Anadae (my keyboard doesn't make that connected ae thing...) - Some great Sleepy Hollow synchs! Even the full Moonies. Yea, I noticed the Sunnydale thing also, thanks for tying it Buffy. I've often called Kirkland "Sunnydale North". IMHO, anyplace where the myths and symbols break out of the "underworld" of the dreaming mind and manifest in strange and disquieting ways is rightly called a hellmouth.

Esperanto Grrl said...

Those Disney shorts are amazing. The "Little Hiawatha" got me to read Longfellow's original poem, which is my favorite book to this day.

The Hudson River Valley is one of the most beautiful and weirdest places in the entire world, and I'd love to retire there, and able to go into the city by train on the weekends.

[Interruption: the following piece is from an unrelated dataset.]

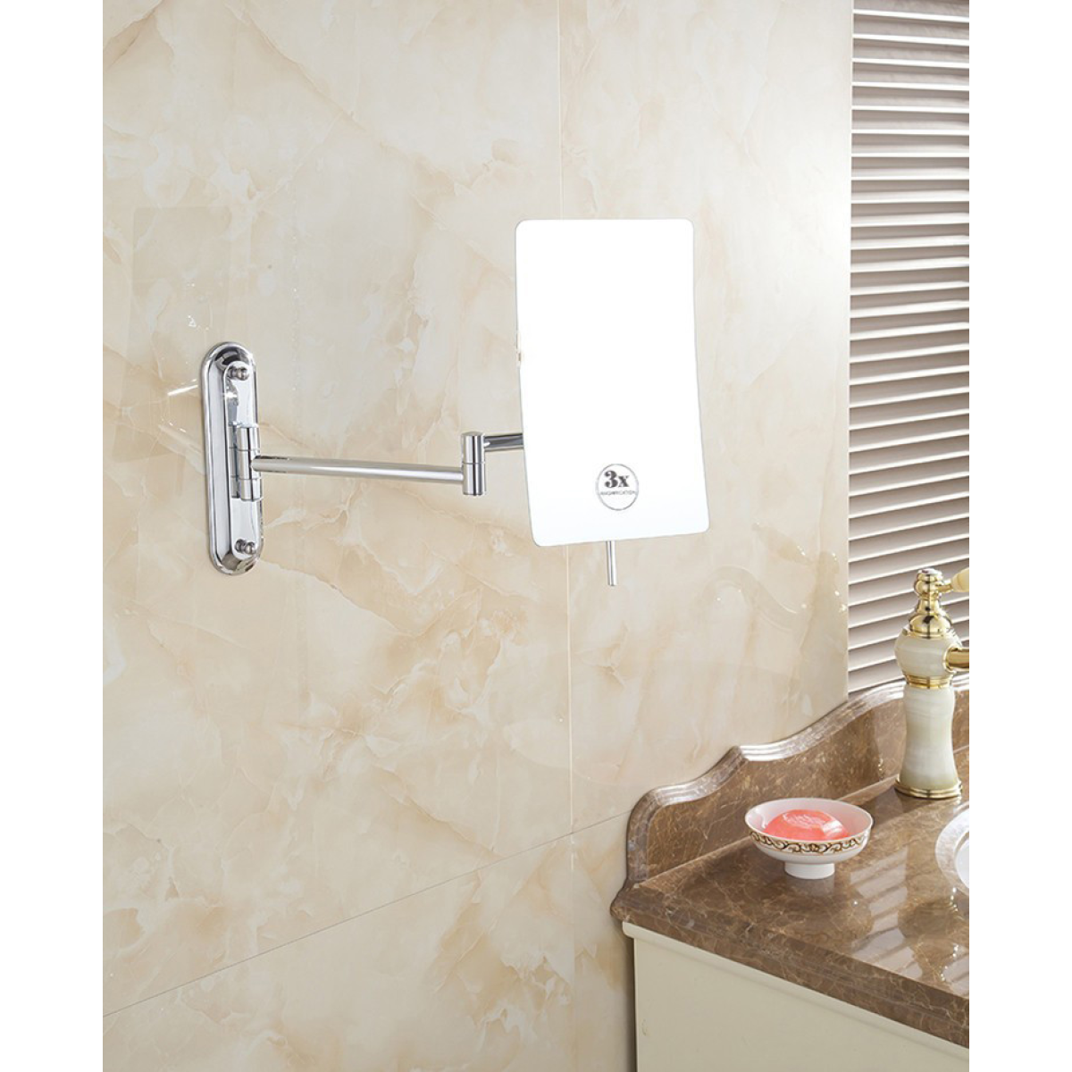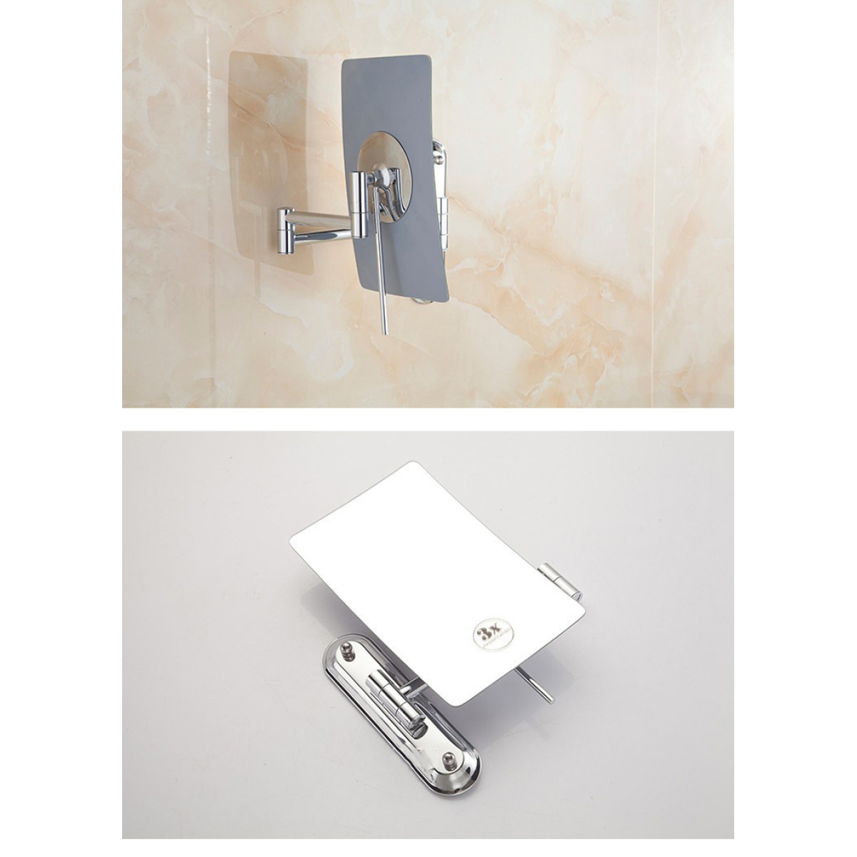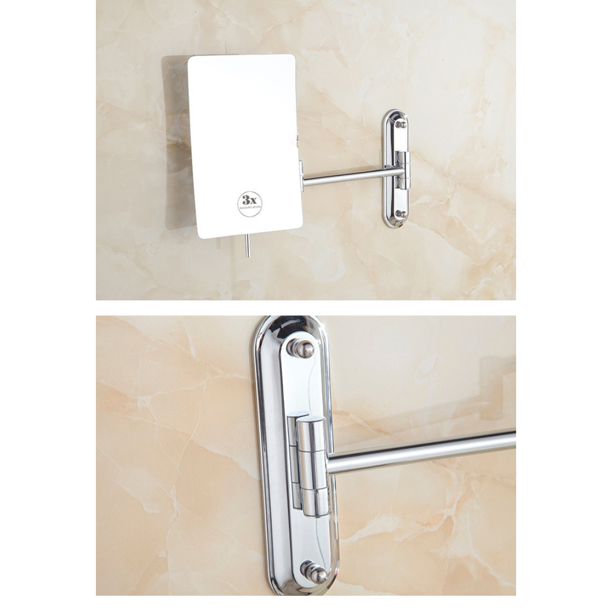 Дзеркало косметичне Miror знімне з збільшенням х3, висувне настінне Металік
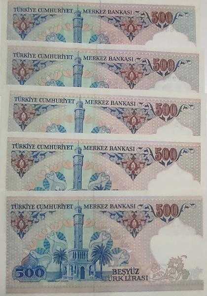7 EMİSYON 500 LİRA SERİ A-B-C-D-E HARFLERİ ÇİL E02 ÇİLALTI

In regards to your comment about how all women want a brute that women tame with love, I'm inclined to think that you're right and that's a fantasy with a lot of power for women. Every girl thinks they can "change" a bad boy or an animal and have them show a different side.

In fact, one story I've always thought as having lots of sexual power is Tarzan. Here's a wild man (appropriately beardless and godlike) that is squeezed into a suit and a haircut by love of a woman. You could fill a library with all the romance novels that are a variation of Tarzan.

I guess the desire here is to have a man that is valorous and dangerous, but to "settle" them and turn them away from a dangerous life. But if the shit hits the fan, he can still save you and the kids.

I was just thinking about the common female fantasy of cops or firefighters - alpha males. In Roman times, women used to coo over gladiators, even if they were ugly, but just because of their "dangerous" job.

As for me, I personally like big handsome brutes, but it's interesting how the majority of my dating history has been skinny hipster intellectual types I can connect to.

In fact, I have a feeling my tastes are duplicated among other women. A very common type of romance novel has this basic plot: a heroine crashes on an island with a goofy nerd, who rises to the occasion and protects her (and in the process gets all hot and suntanned and buff).

One characteristic of female romance fantasies that men don't understand is the capacity for disassociation. I personally fantasize about muscle studs and Tarzan, but date Topher Grace types. Just because a woman has a fantasy doesn't mean she'd want it in real life.

In that sense, it isn't really a conflict, just like you can drive a Honda for the gas mileage but dream about a Lamborghini Countach. And if I was Ichabod's gal, I'd go for him. Especially if he's played by Johnny Depp.

Michael said...

E Grrl - thanks for commenting. I was kinda thinking about you when I was posting this.

The Tarzan archetype runs deep. I used to love EGB novels. I have a great story about Tarzan:

I was on holiday in Costa Rica, and I befriended some classic A-gay California boys, one of which was especially prime beefcake. I wasn't even close to any of their league, but they invited me on a river rafting "expedition" of a Costa Rica river, probably because they needed a fourth. Anyway, it was a fabulous trip, full of waterfalls, orchids and a few dangerous rocks. Our guide quickly called the buff one "Tarzan", and he loved it, but truth be told, Tarzan was all looks, and no action. When we needed a strong arm at the paddle, he was NOT it. He paddled like a girl, no offense. So I'm the skinny geek with glasses, paddling my heart out, because I'm the only one on board (besides the guide) who seems to understand that this is not just a Disney ride and that a capsize is something we REALLY want to avoid. In other words, posers are great, but they are WORTHLESS if they can't back it up!